# Looking for a good punching bag.



## TigerHeart (Oct 24, 2017)

I look at Century Martial Arts.  There are so many.  Which one is right for me?


----------



## Anarax (Oct 24, 2017)

TigerHeart said:


> I look at Century Martial Arts.  There are so many.  Which one is right for me?



You have to give more information about yourself? What type of strikes do you want it for? Hanging or on the ground?


----------



## TigerHeart (Oct 24, 2017)

Just punches and kicks, elbow and knee strikes.  A punching bag that can stands on the ground and able to transport around the house.


----------



## Anarax (Oct 24, 2017)

the wave masters bags are pretty good


----------



## kuniggety (Oct 24, 2017)

Siblings work well.


----------



## TigerHeart (Oct 24, 2017)

kuniggety said:


> Siblings work well.



Is "Sibling" a brand name?


----------



## Anarax (Oct 24, 2017)

TigerHeart said:


> Is "Sibling" a brand name?


Interactive and regenerating punching bags do have a certain appeal


----------



## JR 137 (Oct 24, 2017)

If it’s a free-standing bag, Century Wavemaster, just pick the version.  The Wavemaster line is by far the best free-standing bag line.  Don’t forget about the BOB and BOB XL.

The Wavemaster cardio bags are garbage.  The standard Wavemaster is pretty good.  The Powerline Wavemaster is better.

The best free-standing bags Century makes are the Wavemaster 2XL and the BOB/BOB XL.  I own a BOB XL and I love it.  It gives a lot better and more realistic target selection than any other bag.  I filled mine with six 50 lb bags of pea gravel and put it on one of those industrial rubber mats.  It stays put. 

If it’s a hanging bag, don’t look at Century.  One word - Outslayer.  Hanging bags are so much better, but you’ve got to be able to hang one.  I can’t, so BOB XL it is for me.


----------



## Gerry Seymour (Oct 24, 2017)

JR 137 said:


> If it’s a free-standing bag, Century Wavemaster, just pick the version.  The Wavemaster line is by far the best free-standing bag line.  Don’t forget about the BOB and BOB XL.
> 
> The Wavemaster cardio bags are garbage.  The standard Wavemaster is pretty good.  The Powerline Wavemaster is better.
> 
> ...


I really like the BOB (especially the XL) for a free-standing bag.


----------



## TigerHeart (Oct 24, 2017)

Anarax said:


> Interactive and regenerating punching bags do have a certain appeal


 
Ohhh, I didn’t get that.  Dud!


----------



## JR 137 (Oct 24, 2017)

gpseymour said:


> I really like the BOB (especially the XL) for a free-standing bag.
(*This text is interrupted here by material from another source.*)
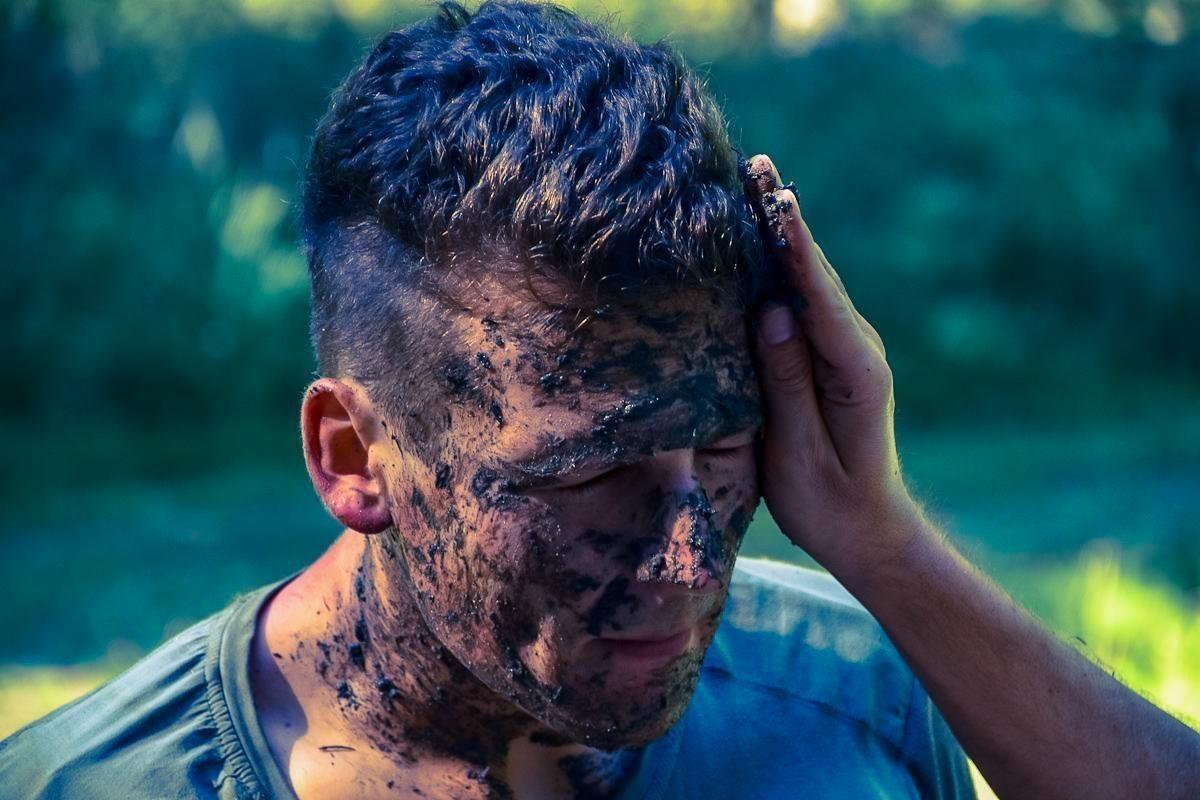 Hände verteilen Schlamm auf dem Gesicht einer Person im Freien

If I had the space (and the ability to hang a bag), I’d have the BOB XL and an Outslayer muay Thai bag.  The BOB XL (and standard version) is a great bag. Hooks, uppercuts, and open hand strikes to areas like the neck feel so much better than on a traditional bag.  But a 6 ft muay Thai bag develops power better.  And a 6 ft bag allows low kicks like knee height and lower leg height in combination with punches.

The Wavemaster 2XL allows this too, but the screw-in mechanism is suspect.  The BOB XL seems more durable to me over the long run.  I don’t have enough disposable money to gamble with.


----------



## JR 137 (Oct 24, 2017)

Anarax said:


> Interactive and regenerating punching bags do have a certain appeal


I learned a ton of WWF moves using sibling and cousin “punching bags.”  It also helped me figure out which ones really hurt and which ones were just for show.  Hulk Hogan’s leg drop was a real letdown.  The Iron Sheik’s camel clutch was legit!  And I got to practice and perfect my Arabic accent while doing it.  That should give some indication of how often I put them in the camel clutch.
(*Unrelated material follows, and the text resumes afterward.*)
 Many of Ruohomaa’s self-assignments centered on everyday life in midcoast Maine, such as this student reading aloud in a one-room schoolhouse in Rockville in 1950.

Edit: Iron Sheik’s suplexes are top notch too.


----------



## Gerry Seymour (Oct 25, 2017)

JR 137 said:


> If I had the space (and the ability to hang a bag), I’d have the BOB XL and an Outslayer muay Thai bag.  The BOB XL (and standard version) is a great bag. Hooks, uppercuts, and open hand strikes to areas like the neck feel so much better than on a traditional bag.  But a 6 ft muay Thai bag develops power better.  And a 6 ft bag allows low kicks like knee height and lower leg height in combination with punches.
> 
> The Wavemaster 2XL allows this too, but the screw-in mechanism is suspect.  The BOB XL seems more durable to me over the long run.  I don’t have enough disposable money to gamble with.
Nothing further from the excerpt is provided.